= What is required =
Pictures in the data must not be copied, but everything else should be output exactly.

= Data =
□ □ □ □ □ □ □

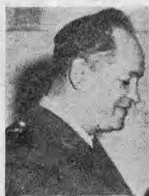
GUSTAVO ROJAS PINILLA...sus abogados dicen que es una infamia...

BOGOTÁ, 19. AP.— El ex-dictador Gustavo Rojas Pinilla comparecerá el jueves ante la Corte Suprema de veinte magistrados que lo juzgará por la acusación que se le hace de tentativa de concusión cuando desempeñó el cargo de presidente de Colombia.
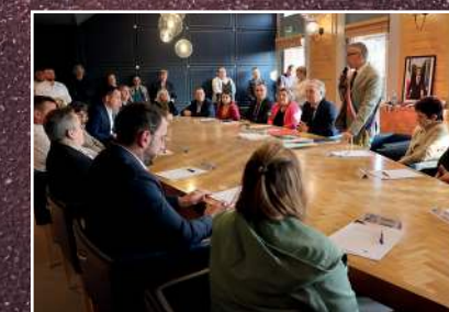
Élections du Maire et des adjoints le 21 mars 2026.

□ □ □ □ □ □ □

= Answer to this task =
GUSTAVO ROJAS PINILLA...sus abogados dicen que es una infamia...

BOGOTÁ, 19. AP.— El ex-dictador Gustavo Rojas Pinilla comparecerá el jueves ante la Corte Suprema de veinte magistrados que lo juzgará por la acusación que se le hace de tentativa de concusión cuando desempeñó el cargo de presidente de Colombia.
Élections du Maire et des adjoints le 21 mars 2026.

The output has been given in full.